Многообразные скрытноживущие шебуршат в крошках, лобковых волосах, винных кляксах, табачном пепле и лохмотьях, в соре драхмовых пузырьков кокаина, у каждого – красная бакелитовая пробка с печатью «Мерка» из Дармштадта. Атмосфера жучков заканчивается где-то в дюйме от пола, идеальная влажность, темнота, стабильность температуры. Никто их не тревожит. У Зойре действует невысказанное соглашение жучков ногами не давить.
– Вы запутались в тональности, – орет Густав. – Вы в капкане. Тональность – это игра. Все это – игры. Вы слишком стары. Вы никогда не выйдете из игры – в Звукоряд. Звукоряд – просветление.
– Звукоряд – тоже игра. – Зойре сидит, ухмыляется, ложечкой из слоновой кости нагребает в ноздри невероятные кучи кокаина, перебирает весь свой репертуар: выпрямленная рука гигантской кривой ныряет
Ленитроп бредет по тропе к горному ручью, где на всю ночь оставил отмокать свою гармонику, заклинив ее между камнями в спокойной заводи.
– Ваши «свет и доброта» – ловля обреченных на крючок, – грит Густав. – От этих прыгучих мелодиек, какую ни возьми, смердит смертностью. – Он хмуро обезглавливает зубами пузырек кокаина и плюется красным мусором в мерцающих жучков.
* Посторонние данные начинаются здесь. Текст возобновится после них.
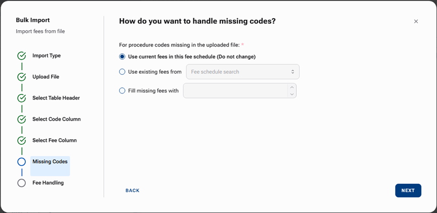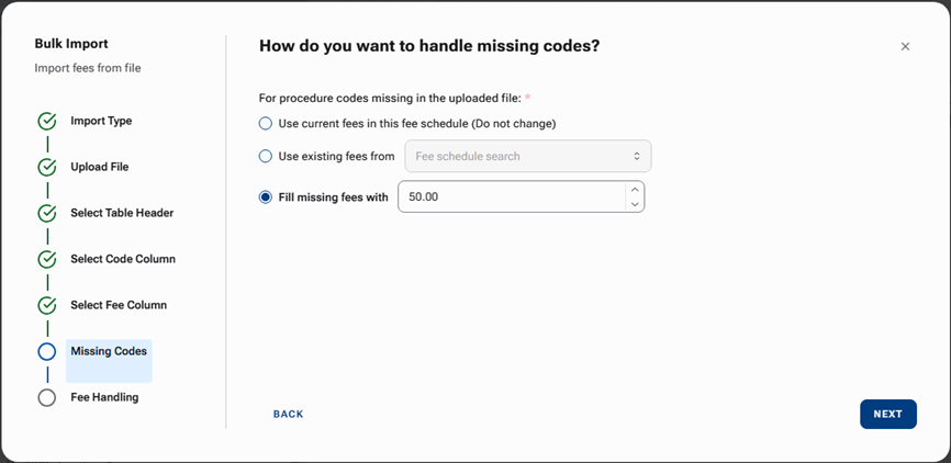 Specify how you want to handle any Missing Procedure Codes (procedures that might not exist in the Import Fee Schedule):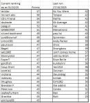 1. Emma R - 18 2. Katie B - 35 3. Jodie B - 75 4. Sonay K - 110 5. Harriet D - 150 6. Marni B - 180 7. Lily M - 225 8. Fran J - 250 9. Ella M - 300 10. Mimi X - 350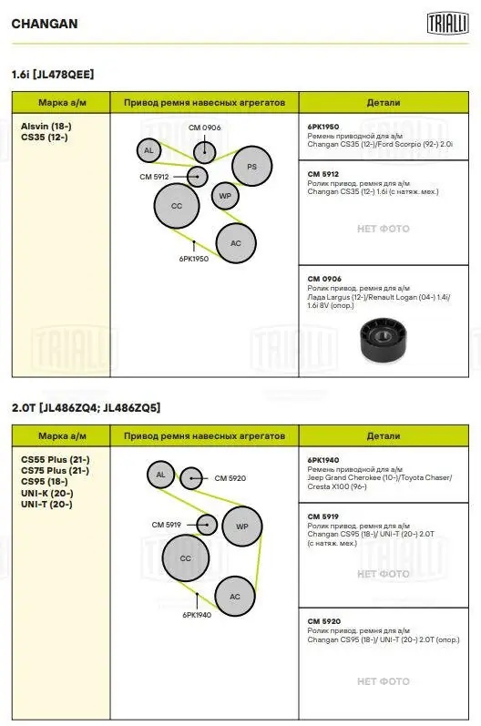 CM 5919 TRIALLI Ролик приводного ремня для автомобилей Changan CS95 (18-)/UNI-T (20-) 2.0T (с на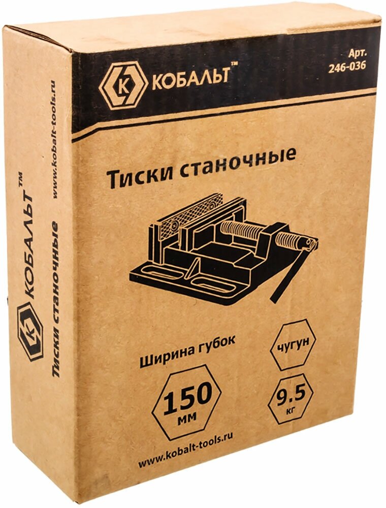 Тиски станочные кобальт ширина губок 150 мм, 9.5 кг, коробка (ширина губок 150 мм, 9.5 кг, коробка)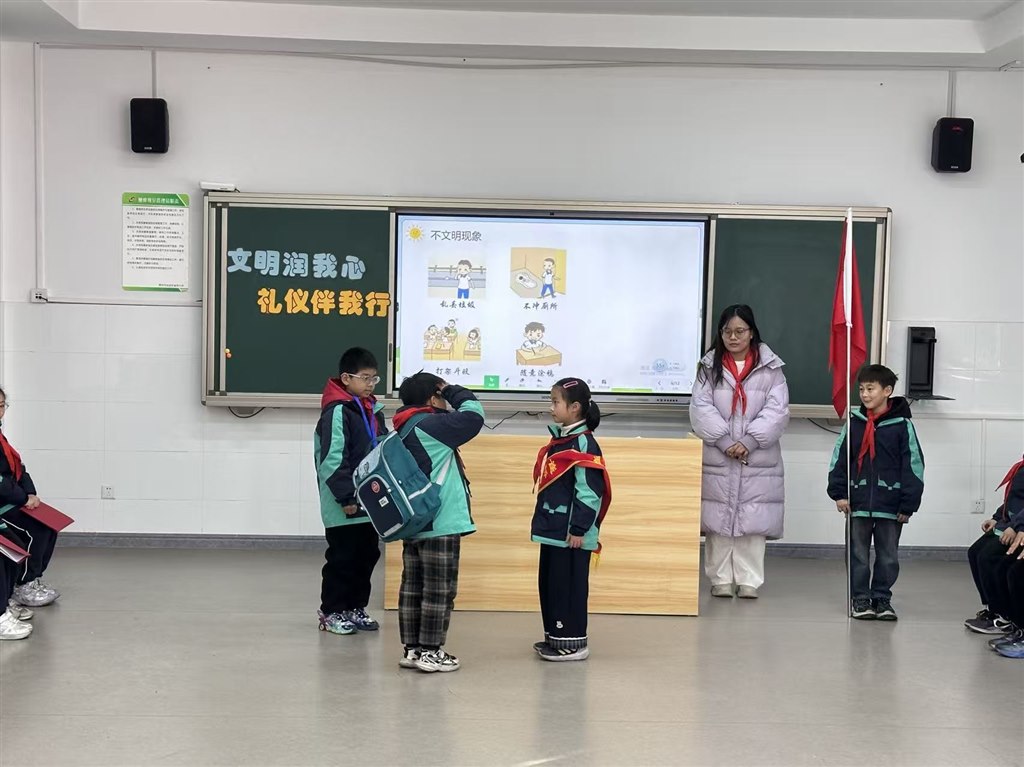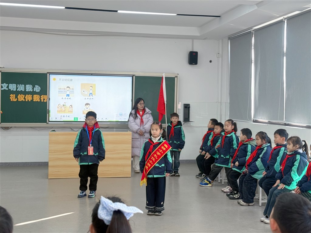 中队辅导员 蒋婧艳:“此次活动,让文明礼仪的种子在队员心中生根发芽。队员们纷纷表示,今后会以实际行动践行文明规范,争做有品德、懂礼仪的新时代好少年。”

Под текучей водой отверстия в старом «Хонере», который нашел Ленитроп, одно за другим коробятся, квадратики гнутся, как ноты, чистый поток играет визуальный блюз. Во всех реках есть губные гармонисты, арфисты и цимбалисты – везде, где движется вода. Как пророчествовал этот Рильке:
До сих пор возможно даже в таком далеке отыскать и озвучить духов утраченных арфистов и гармонистов. Об ногу выбивая из гармоники воду – язычки при этом поют, – подбирая одиночный блюз с такта 1 сегодняшней утрешней части, Ленитроп, всего лишь посасывая гармонику, как никогда близок к спиритуальному медиуму, а сам и не сознает.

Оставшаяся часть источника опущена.